= SUPPLIED MATERIAL =
::::::::::

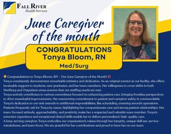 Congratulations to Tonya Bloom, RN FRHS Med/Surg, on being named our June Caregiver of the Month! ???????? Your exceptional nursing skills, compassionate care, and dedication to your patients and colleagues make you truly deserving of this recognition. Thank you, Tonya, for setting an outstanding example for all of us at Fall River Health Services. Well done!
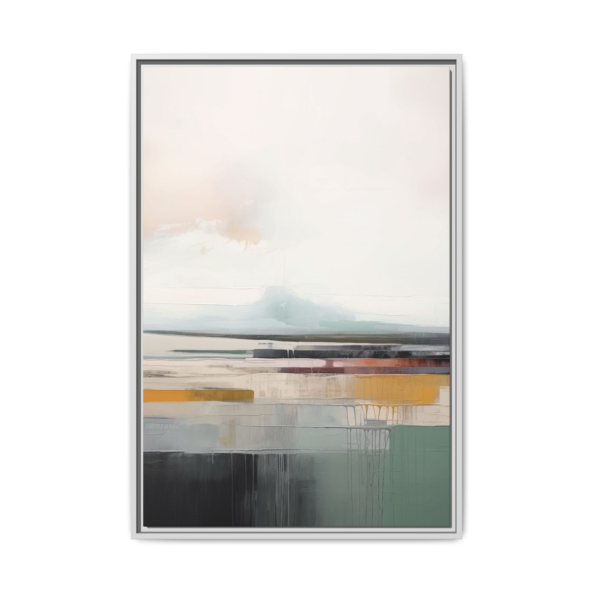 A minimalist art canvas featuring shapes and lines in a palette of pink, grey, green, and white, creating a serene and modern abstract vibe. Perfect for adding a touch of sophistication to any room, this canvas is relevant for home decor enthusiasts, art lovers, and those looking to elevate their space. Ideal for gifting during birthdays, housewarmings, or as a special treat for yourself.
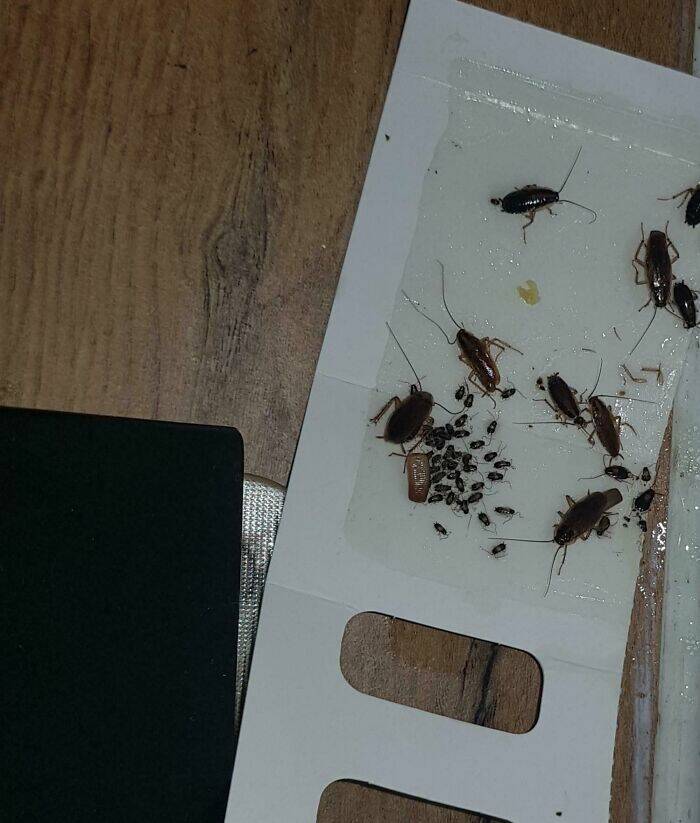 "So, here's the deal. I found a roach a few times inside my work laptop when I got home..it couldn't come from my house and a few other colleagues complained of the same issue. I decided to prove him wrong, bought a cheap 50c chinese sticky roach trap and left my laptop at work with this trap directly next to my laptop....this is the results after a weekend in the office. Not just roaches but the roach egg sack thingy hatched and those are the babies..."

::::::::::

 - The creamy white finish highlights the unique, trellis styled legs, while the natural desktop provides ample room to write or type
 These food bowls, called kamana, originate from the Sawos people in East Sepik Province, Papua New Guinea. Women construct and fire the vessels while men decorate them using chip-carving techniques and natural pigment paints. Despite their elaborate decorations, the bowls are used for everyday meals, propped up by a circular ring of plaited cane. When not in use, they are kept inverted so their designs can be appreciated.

::::::::::

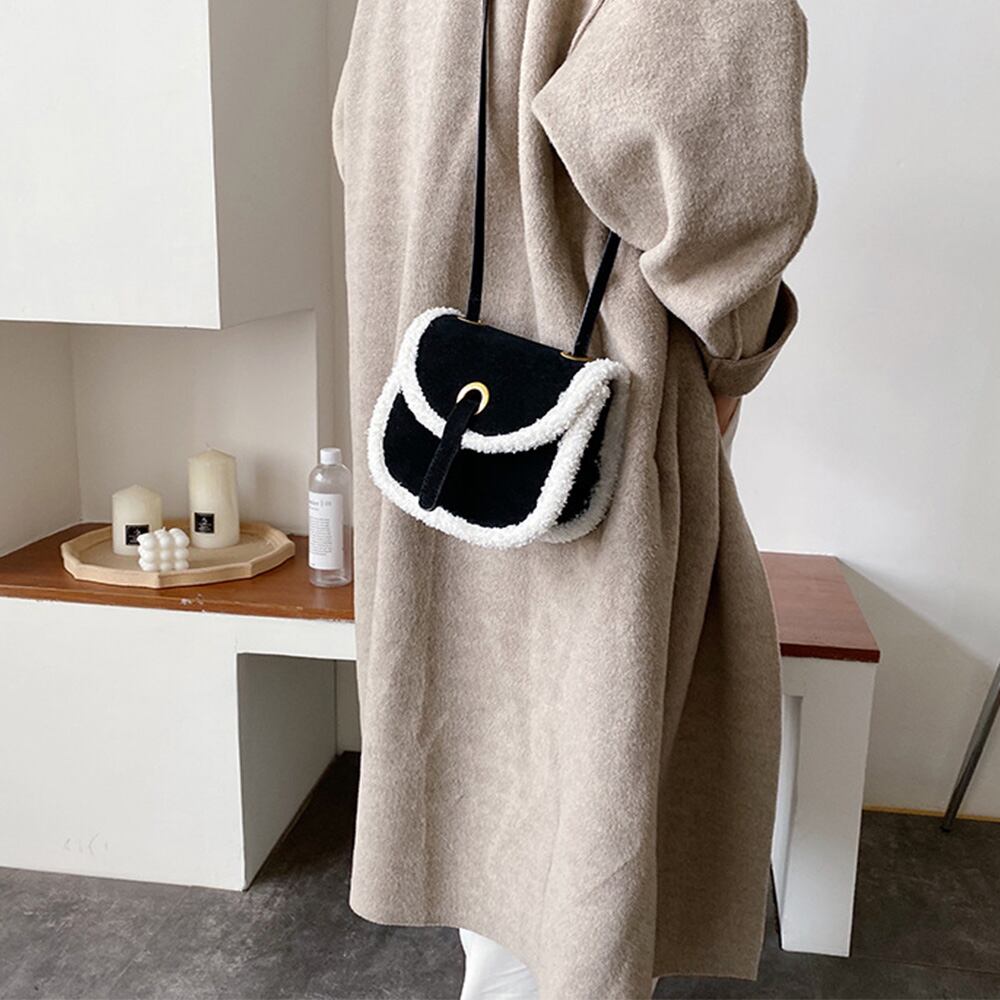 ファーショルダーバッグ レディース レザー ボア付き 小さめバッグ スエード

::::::::::

= DIRECTIONS FOR THIS TASK =
Go through the listing, and whenever a line contains the string "while", copy that line.

= SOLUTION TO THIS PROBLEM =
 - The creamy white finish highlights the unique, trellis styled legs, while the natural desktop provides ample room to write or type
 These food bowls, called kamana, originate from the Sawos people in East Sepik Province, Papua New Guinea. Women construct and fire the vessels while men decorate them using chip-carving techniques and natural pigment paints. Despite their elaborate decorations, the bowls are used for everyday meals, propped up by a circular ring of plaited cane. When not in use, they are kept inverted so their designs can be appreciated.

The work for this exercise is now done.